The key idea is that by being honest about the limits of their knowledge, the LLMs can [avoid generating misleading or [incorrect responses](https://aimodels.fyi/papers/arxiv/self-incorrect-llms-struggle-refining-self-generated), which ultimately makes them more trustworthy and reliable for users. This can be especially important in applications like [summarization](https://aimodels.fyi/papers/arxiv/dont-believe-everything-you-read-enhancing-summarization) or [conversational systems](https://aimodels.fyi/papers/arxiv/relic-investigating-large-language-model-responses-using) where the model's outputs can have real-world impacts.

## Technical Explanation

The researchers used a reinforcement learning (RL) approach to train the LLMs to refuse questions that were outside of their knowledge.
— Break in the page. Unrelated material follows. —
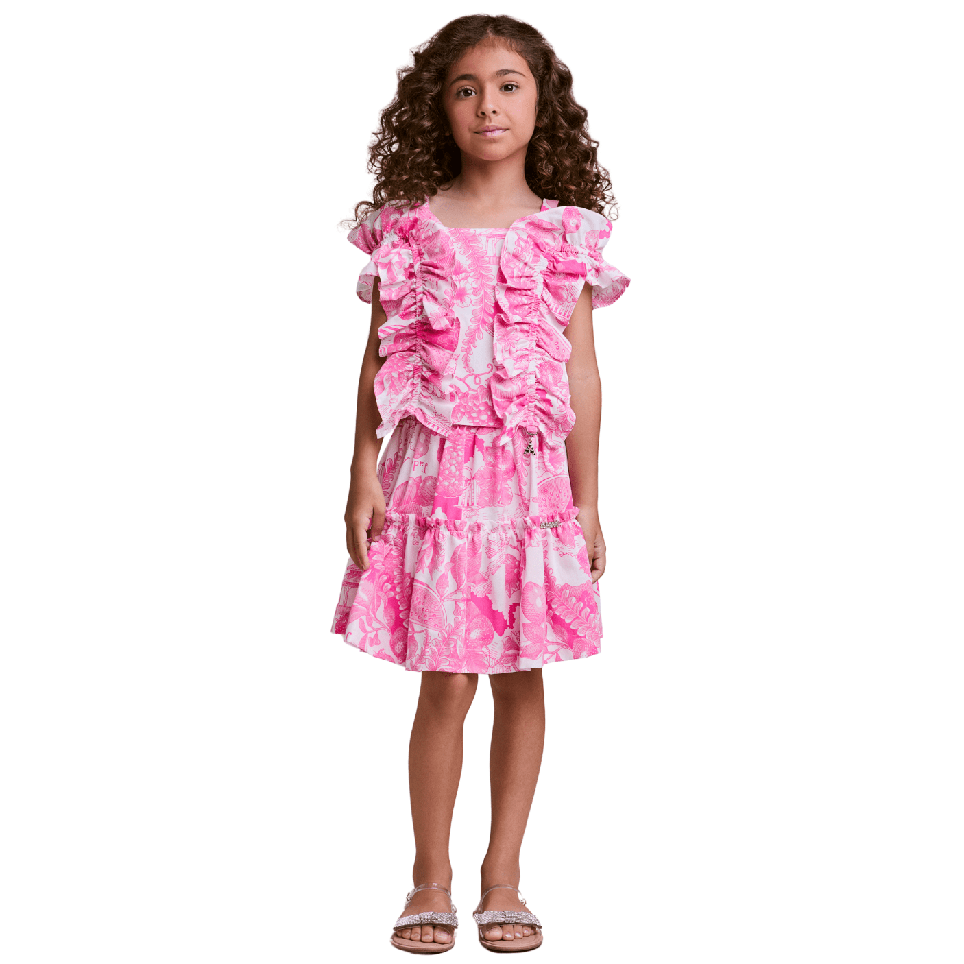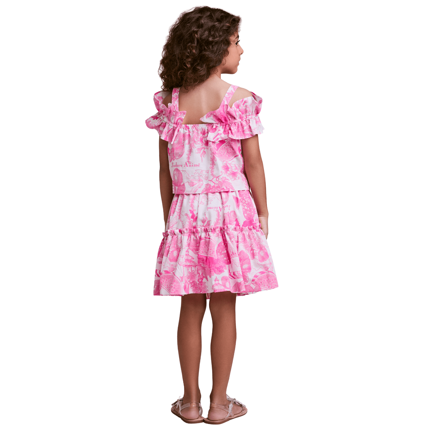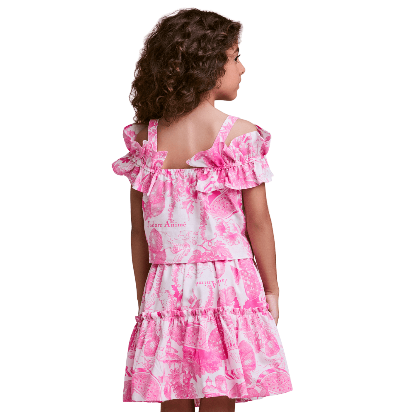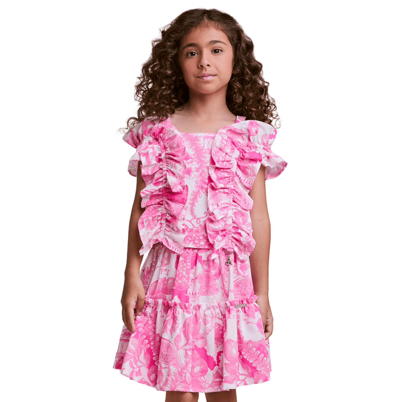 A blusa possui babados frontais marcantes, que criam um efeito volumoso e elegante, enquanto as mangas com babadinhos complementam o visual romântico. A estampa exclusiva de frutas em tons de rosa pink traz um toque divertido e sofisticado ao mesmo tempo. A saia com recortes e pregas garante movimento e conforto, perfeita para dias de passeio ou ocasiões especiais.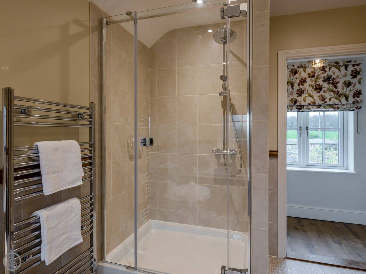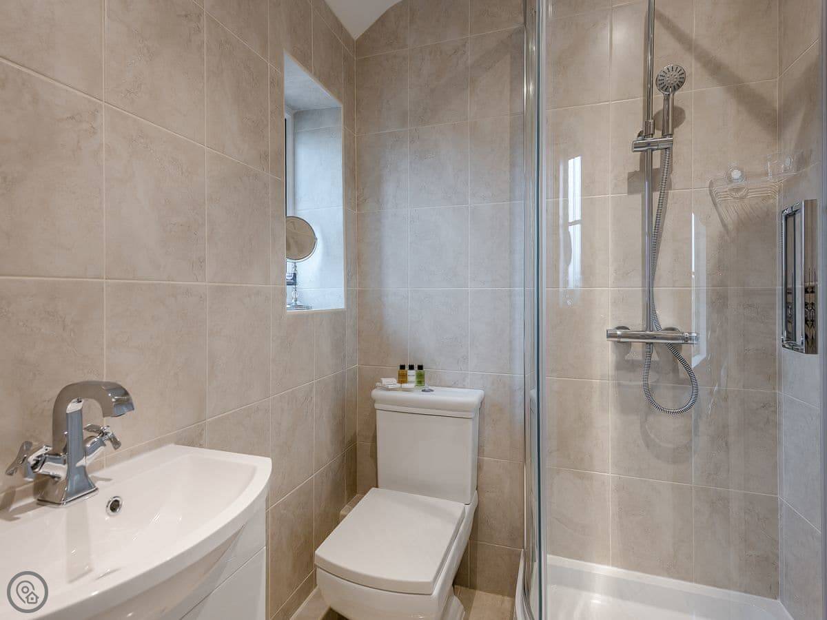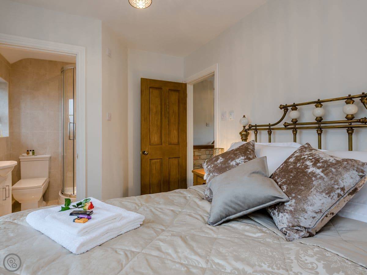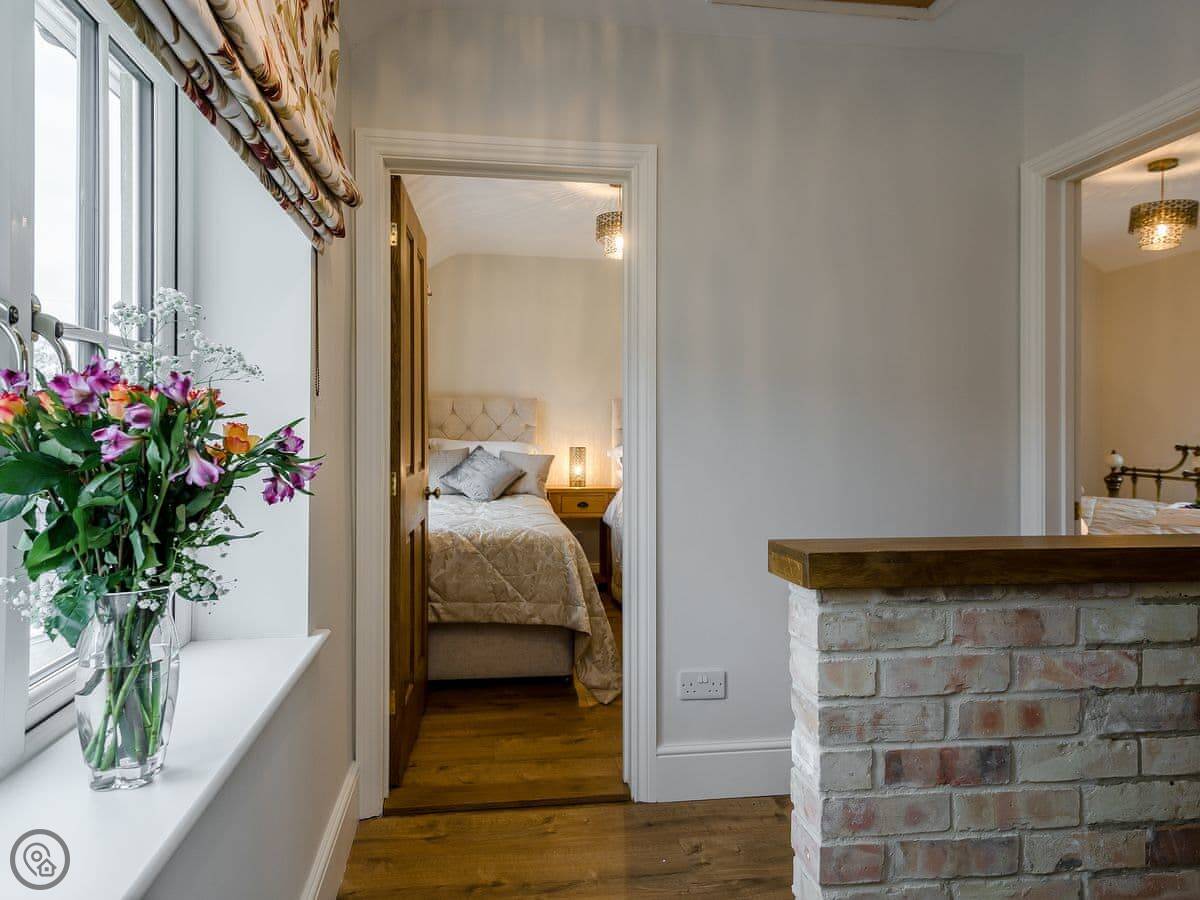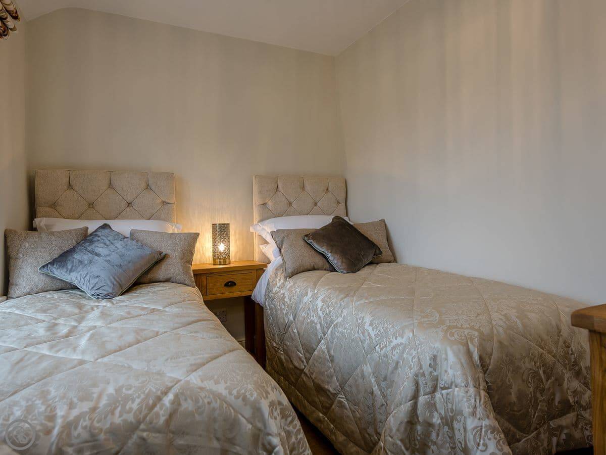 It sleeps six. Three bedrooms, two bathrooms. One of the bathrooms is en-suite to a double bedroom, the other is a big family one with a double shower. Another double room and a twin room make up the three. It's got a 5 Star rating, which means it's been done to a high standard. Everything is new and clean.

During training, the model was presented with a mix of in-domain and out-of-domain questions. For in-domain questions, the model was rewarded for providing a correct answer. For out-of-domain questions, the model was rewarded for refusing to answer.

Over the course of training, the model learned to effectively identify when a question was outside of its capabilities, and to respond by politely refusing to answer rather than attempting to generate a response. The researchers evaluated the trained models on a held-out test set and found that they were able to reliably refuse out-of-domain questions while maintaining strong performance on in-domain questions.

## Critical Analysis

The researchers acknowledge several limitations of their approach. First, the model was only trained to refuse questions, and did not learn to provide more helpful responses like directing the user to a more appropriate resource. Expanding the model's capabilities in this direction could make it more useful in real-world applications.

Additionally, the training process relied on having a clear delineation between in-domain and out-of-domain questions, which may not always be the case in practice. Further research would be needed to understand how these models perform when faced with more ambiguous or borderline cases.

Overall, this work represents an important step towards building more reliable and trustworthy LLMs. By teaching models to be upfront about the limits of their knowledge, the researchers have demonstrated a promising approach for [enhancing the transparency and accountability](https://aimodels.fyi/papers/arxiv/relic-investigating-large-language-model-responses-using) of these increasingly influential AI systems.

## Conclusion

This paper presents a novel method for training large language models to reliably refuse questions that are outside of their knowledge or capabilities. By using reinforcement learning from knowledge feedback, the researchers were able to teach the models to identify when they were being asked something they couldn't confidently answer, and to respond by politely refusing rather than attempting to generate a potentially inaccurate or misleading response.

This approach has the potential to significantly improve the overall reliability and trustworthiness of LLMs, which is crucial as these models become more widely deployed in high-stakes applications. While further research is needed to address some of the limitations, this work represents an important step forward in building AI systems that are more transparent about their abilities and limitations.